PROVIDED RECORDS:
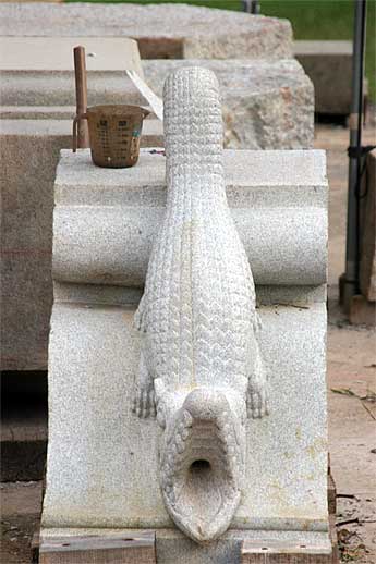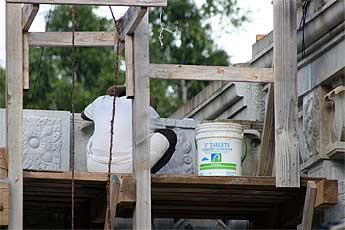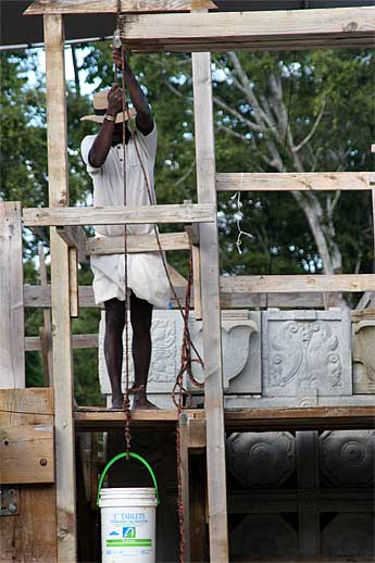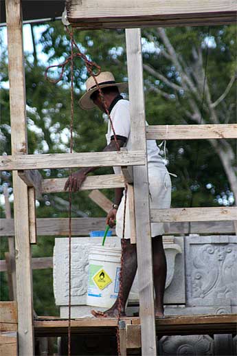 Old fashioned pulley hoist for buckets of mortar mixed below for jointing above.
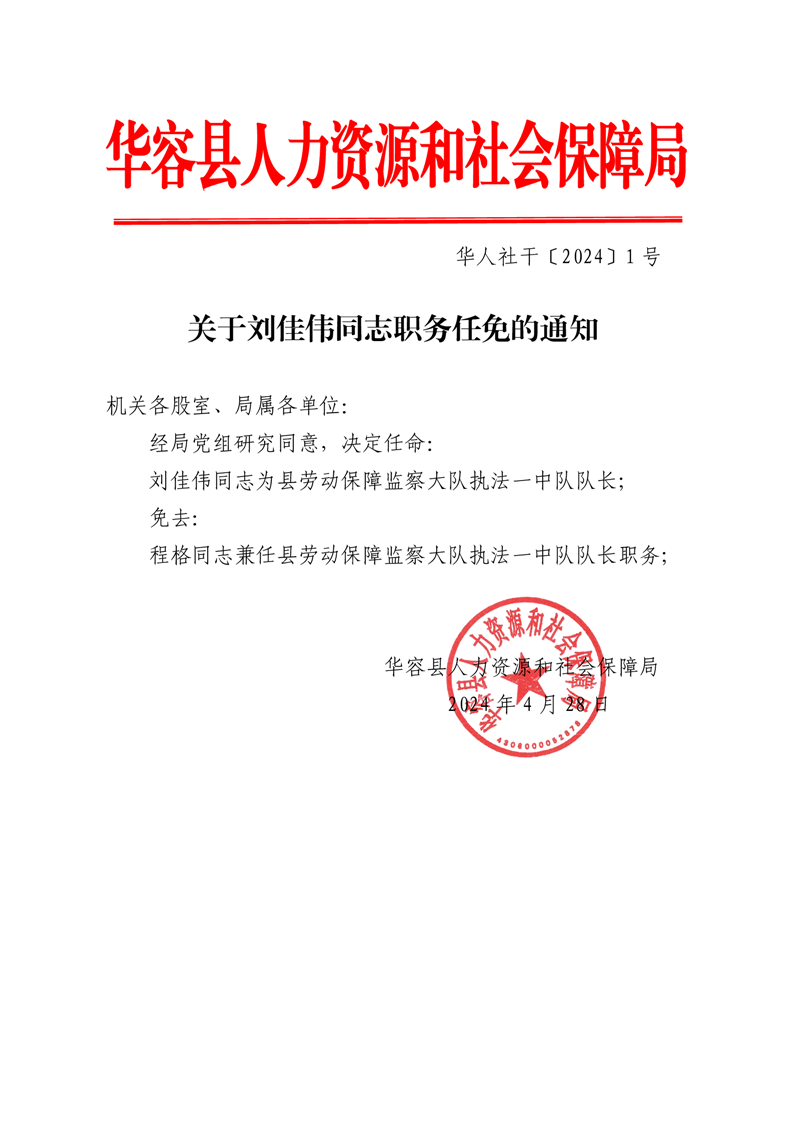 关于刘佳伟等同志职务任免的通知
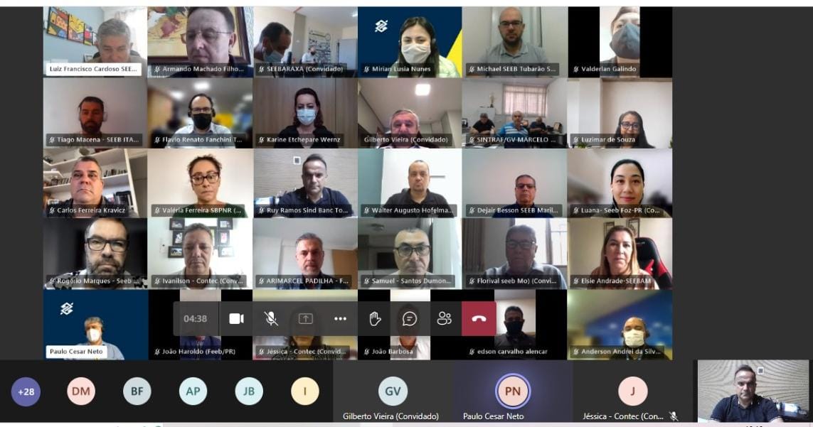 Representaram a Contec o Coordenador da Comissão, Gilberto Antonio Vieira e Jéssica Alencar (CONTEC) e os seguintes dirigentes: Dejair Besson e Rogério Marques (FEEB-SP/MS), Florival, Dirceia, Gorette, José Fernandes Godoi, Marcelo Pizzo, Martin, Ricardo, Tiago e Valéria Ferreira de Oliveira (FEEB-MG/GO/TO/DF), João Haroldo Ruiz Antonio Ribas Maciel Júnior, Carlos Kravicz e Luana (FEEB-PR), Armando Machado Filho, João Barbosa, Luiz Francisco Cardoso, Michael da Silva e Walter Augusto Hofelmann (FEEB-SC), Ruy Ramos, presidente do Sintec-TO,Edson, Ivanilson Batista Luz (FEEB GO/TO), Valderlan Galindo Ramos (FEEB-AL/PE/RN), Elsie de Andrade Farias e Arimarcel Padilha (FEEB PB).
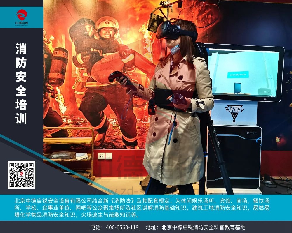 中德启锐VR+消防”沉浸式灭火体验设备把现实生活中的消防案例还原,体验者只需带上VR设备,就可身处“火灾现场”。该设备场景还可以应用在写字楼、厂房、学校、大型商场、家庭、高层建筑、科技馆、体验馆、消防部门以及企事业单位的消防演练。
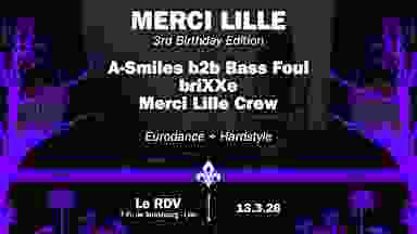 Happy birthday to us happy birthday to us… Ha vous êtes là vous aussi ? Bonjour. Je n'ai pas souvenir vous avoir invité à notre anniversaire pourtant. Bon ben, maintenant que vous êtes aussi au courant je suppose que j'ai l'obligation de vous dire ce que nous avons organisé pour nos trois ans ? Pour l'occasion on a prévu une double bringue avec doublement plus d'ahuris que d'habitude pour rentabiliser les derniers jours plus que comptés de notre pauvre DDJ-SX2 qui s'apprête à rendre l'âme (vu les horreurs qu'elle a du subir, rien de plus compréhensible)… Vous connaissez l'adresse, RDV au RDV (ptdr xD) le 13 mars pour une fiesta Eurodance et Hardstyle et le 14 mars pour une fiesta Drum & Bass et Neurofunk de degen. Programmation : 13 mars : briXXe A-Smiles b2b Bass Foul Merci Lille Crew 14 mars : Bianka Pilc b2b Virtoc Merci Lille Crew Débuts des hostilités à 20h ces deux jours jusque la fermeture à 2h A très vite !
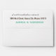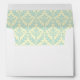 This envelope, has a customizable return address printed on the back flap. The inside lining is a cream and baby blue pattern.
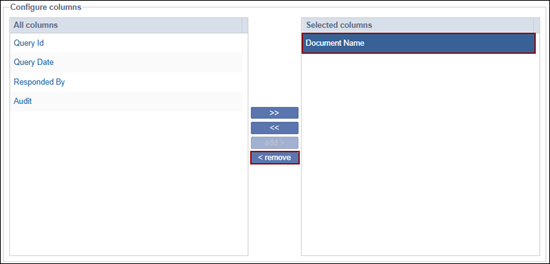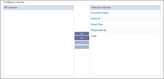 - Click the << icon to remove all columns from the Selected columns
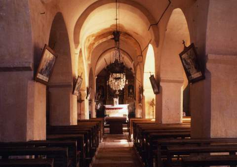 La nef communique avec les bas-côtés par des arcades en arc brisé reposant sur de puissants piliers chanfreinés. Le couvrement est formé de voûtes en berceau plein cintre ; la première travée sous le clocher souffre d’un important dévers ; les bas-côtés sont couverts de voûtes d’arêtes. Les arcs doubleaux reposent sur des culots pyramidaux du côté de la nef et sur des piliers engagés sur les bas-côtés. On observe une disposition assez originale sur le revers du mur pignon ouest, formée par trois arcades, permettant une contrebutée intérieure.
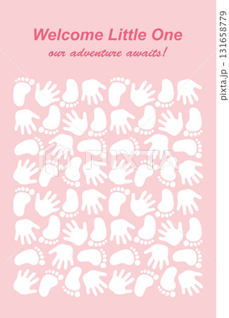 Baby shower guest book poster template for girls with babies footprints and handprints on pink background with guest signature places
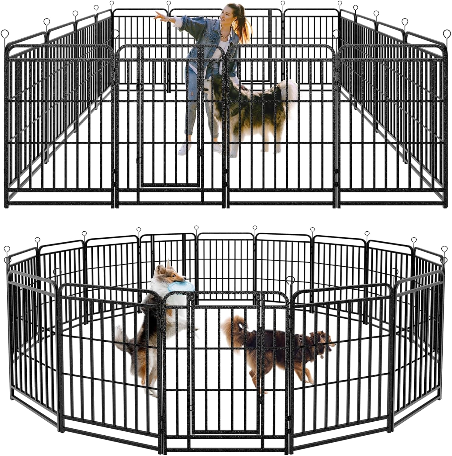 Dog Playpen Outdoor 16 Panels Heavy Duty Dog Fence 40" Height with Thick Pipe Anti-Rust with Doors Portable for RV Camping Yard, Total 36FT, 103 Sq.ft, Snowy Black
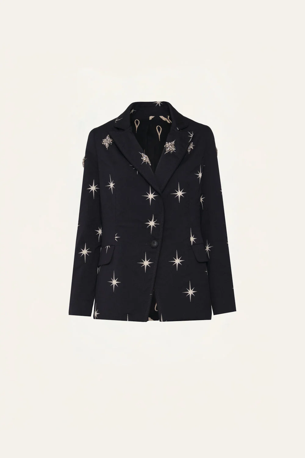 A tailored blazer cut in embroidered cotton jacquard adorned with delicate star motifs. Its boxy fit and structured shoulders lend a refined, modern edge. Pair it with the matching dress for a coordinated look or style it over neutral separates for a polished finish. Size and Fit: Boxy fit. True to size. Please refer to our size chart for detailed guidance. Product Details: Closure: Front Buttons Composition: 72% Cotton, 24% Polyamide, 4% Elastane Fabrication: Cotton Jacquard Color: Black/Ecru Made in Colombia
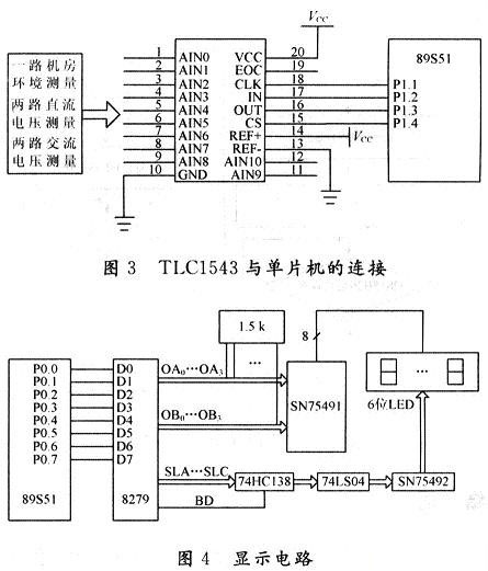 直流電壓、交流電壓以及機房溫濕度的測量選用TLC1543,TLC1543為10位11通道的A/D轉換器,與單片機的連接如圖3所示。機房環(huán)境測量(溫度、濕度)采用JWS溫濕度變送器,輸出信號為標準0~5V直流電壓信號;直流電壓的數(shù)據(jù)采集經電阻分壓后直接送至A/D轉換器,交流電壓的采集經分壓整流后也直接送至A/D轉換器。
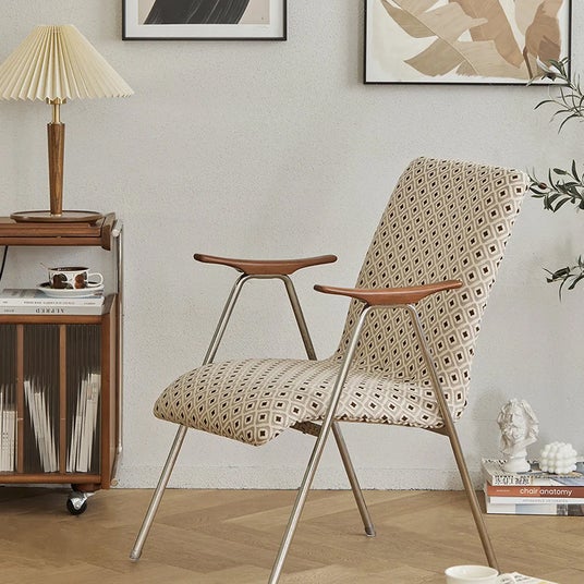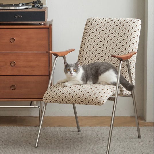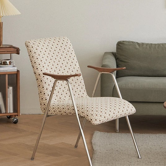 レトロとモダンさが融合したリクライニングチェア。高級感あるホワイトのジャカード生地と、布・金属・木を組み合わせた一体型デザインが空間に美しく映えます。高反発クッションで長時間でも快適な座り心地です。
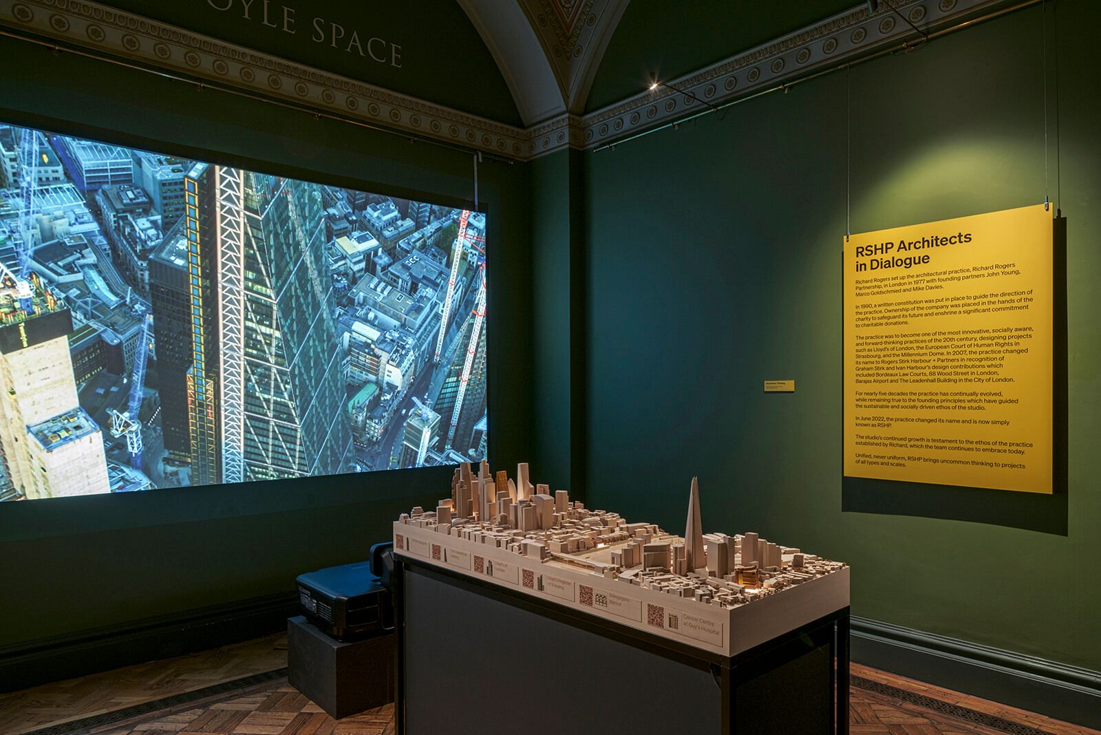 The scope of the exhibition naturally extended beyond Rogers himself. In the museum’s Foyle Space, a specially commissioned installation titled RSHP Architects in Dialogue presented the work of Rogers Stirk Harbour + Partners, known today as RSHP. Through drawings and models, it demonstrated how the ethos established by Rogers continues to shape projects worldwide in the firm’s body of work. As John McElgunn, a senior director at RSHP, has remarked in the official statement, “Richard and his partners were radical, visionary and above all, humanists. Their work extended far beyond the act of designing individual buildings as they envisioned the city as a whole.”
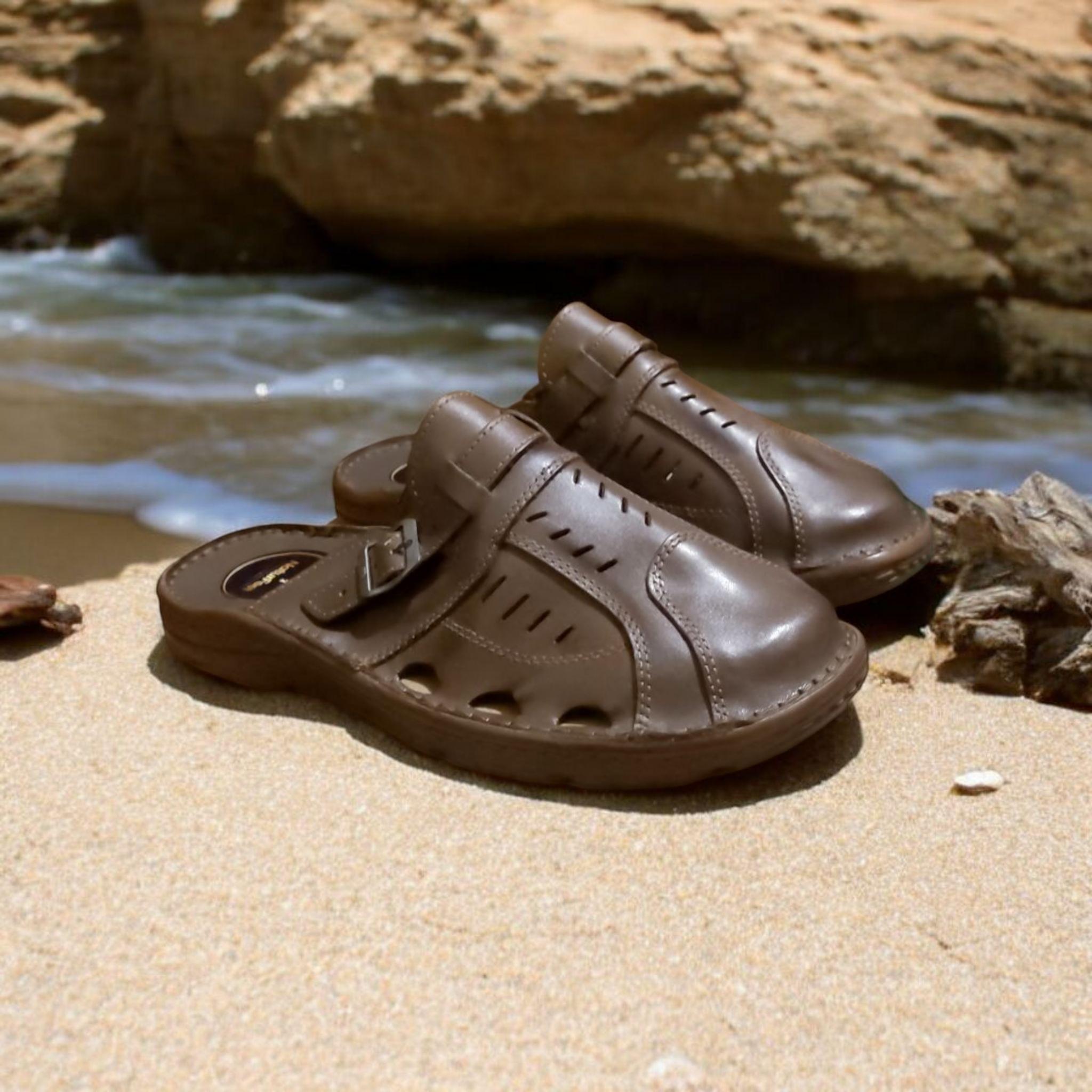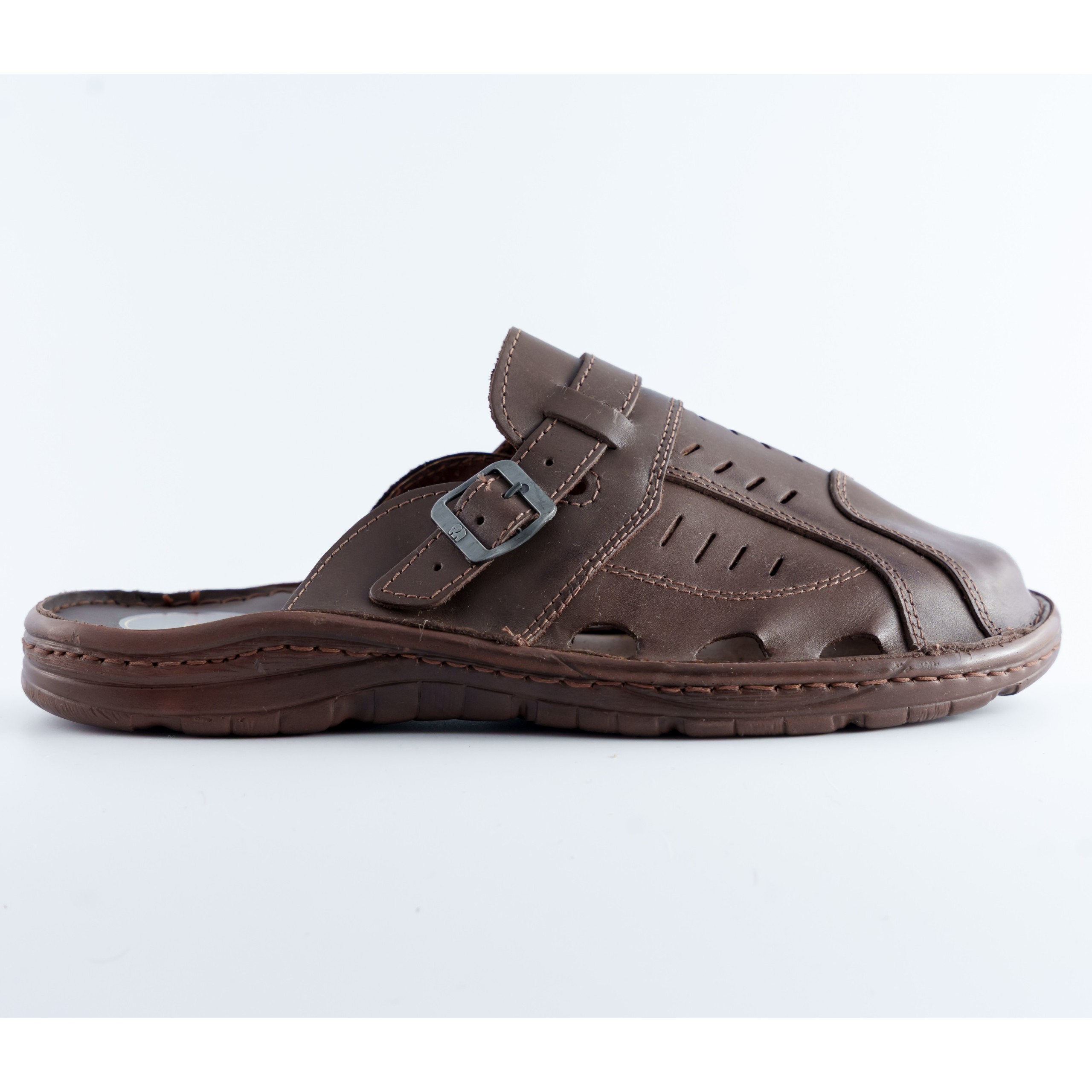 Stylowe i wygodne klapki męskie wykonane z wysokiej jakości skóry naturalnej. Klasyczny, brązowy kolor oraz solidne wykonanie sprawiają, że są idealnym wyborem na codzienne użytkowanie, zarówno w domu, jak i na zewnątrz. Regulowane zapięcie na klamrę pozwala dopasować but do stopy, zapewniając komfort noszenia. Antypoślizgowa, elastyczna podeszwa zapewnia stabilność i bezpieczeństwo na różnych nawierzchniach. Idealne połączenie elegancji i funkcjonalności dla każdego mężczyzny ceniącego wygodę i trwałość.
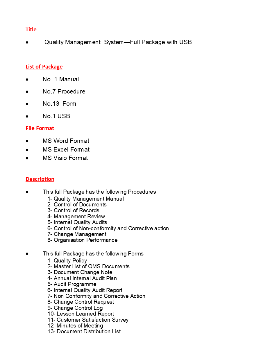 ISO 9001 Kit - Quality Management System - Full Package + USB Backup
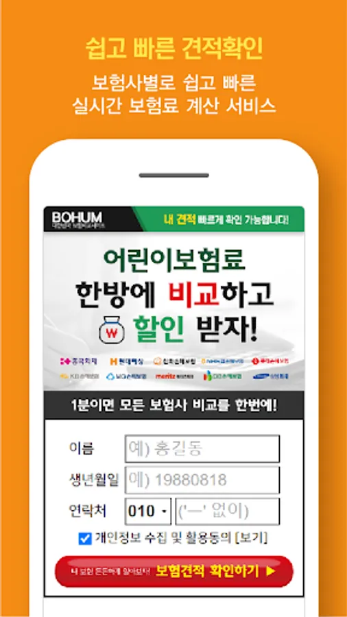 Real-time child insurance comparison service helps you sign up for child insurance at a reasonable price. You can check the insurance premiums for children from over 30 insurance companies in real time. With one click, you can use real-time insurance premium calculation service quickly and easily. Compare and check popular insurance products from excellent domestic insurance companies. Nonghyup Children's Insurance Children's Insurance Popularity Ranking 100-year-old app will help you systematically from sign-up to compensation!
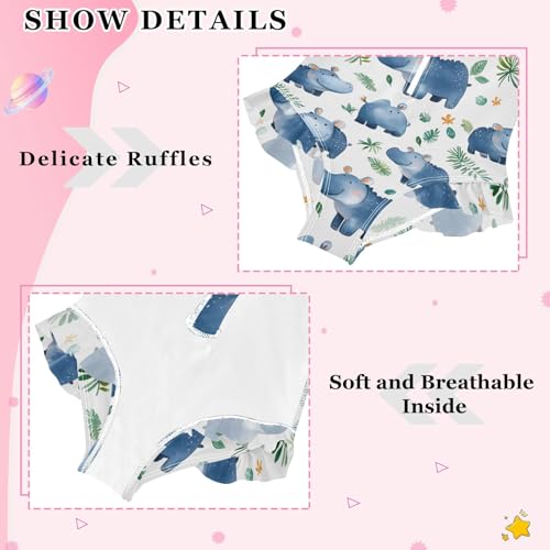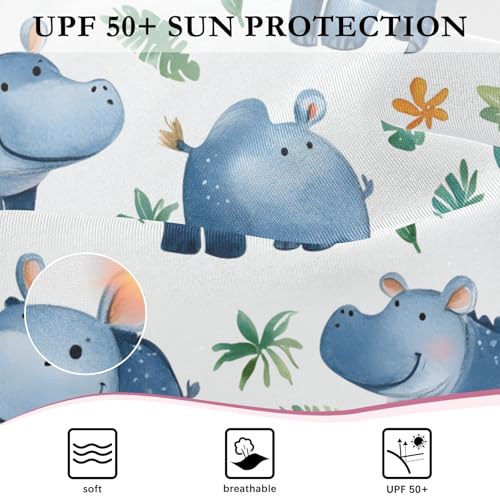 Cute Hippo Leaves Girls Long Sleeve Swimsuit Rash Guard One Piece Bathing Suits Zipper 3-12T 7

YOUR TASK: Repeat the records above exactly, from the first line through the line that contains "关于刘佳伟等同志职务任免的通知", and leave out the pictures.

ANSWER TO THE PROBLEM:
 Old fashioned pulley hoist for buckets of mortar mixed below for jointing above.
 关于刘佳伟等同志职务任免的通知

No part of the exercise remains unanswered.